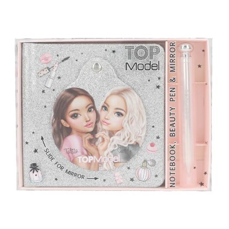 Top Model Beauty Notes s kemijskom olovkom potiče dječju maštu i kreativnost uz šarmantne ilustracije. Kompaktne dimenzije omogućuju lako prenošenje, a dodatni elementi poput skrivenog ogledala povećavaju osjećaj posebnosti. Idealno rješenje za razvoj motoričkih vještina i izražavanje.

:::::

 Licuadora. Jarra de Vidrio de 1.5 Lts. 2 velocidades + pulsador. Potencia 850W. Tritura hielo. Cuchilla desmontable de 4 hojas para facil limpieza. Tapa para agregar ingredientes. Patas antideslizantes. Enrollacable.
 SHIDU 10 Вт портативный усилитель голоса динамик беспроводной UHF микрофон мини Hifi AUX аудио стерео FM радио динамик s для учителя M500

:::::

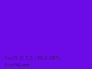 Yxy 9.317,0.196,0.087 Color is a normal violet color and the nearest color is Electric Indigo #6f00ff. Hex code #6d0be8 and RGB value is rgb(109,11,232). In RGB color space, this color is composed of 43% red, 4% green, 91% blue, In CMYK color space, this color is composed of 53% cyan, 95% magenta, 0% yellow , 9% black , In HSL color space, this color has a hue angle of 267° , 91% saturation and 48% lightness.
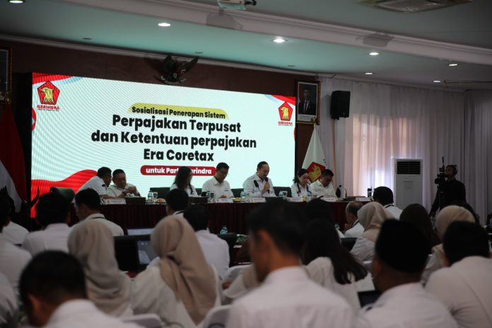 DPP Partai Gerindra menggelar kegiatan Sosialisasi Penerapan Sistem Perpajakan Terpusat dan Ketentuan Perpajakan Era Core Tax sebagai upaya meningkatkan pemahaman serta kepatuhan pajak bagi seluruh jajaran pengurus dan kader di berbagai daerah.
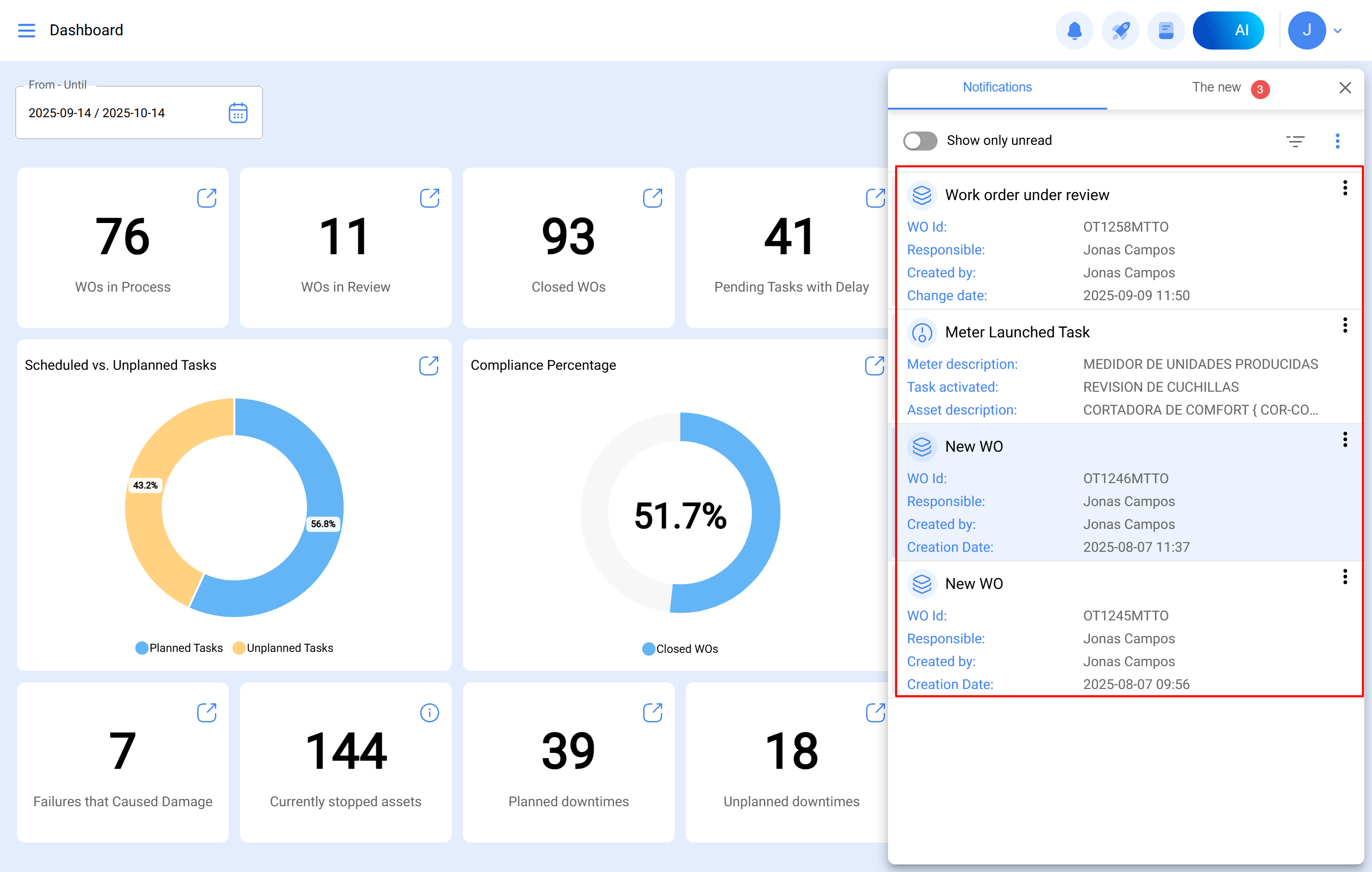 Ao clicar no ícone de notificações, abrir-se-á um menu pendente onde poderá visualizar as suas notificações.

:::::

* **WORK INSTRUCTION**
Only the lines above from the one with "Yxy 9.317,0.196,0.087 Color" to the one with "Ao clicar no" should be printed, both included and exactly as written; no picture belongs in the copy.

* **SOLUTION TO THE EXERCISE**
 Yxy 9.317,0.196,0.087 Color is a normal violet color and the nearest color is Electric Indigo #6f00ff. Hex code #6d0be8 and RGB value is rgb(109,11,232). In RGB color space, this color is composed of 43% red, 4% green, 91% blue, In CMYK color space, this color is composed of 53% cyan, 95% magenta, 0% yellow , 9% black , In HSL color space, this color has a hue angle of 267° , 91% saturation and 48% lightness.
 DPP Partai Gerindra menggelar kegiatan Sosialisasi Penerapan Sistem Perpajakan Terpusat dan Ketentuan Perpajakan Era Core Tax sebagai upaya meningkatkan pemahaman serta kepatuhan pajak bagi seluruh jajaran pengurus dan kader di berbagai daerah.
 Ao clicar no ícone de notificações, abrir-se-á um menu pendente onde poderá visualizar as suas notificações.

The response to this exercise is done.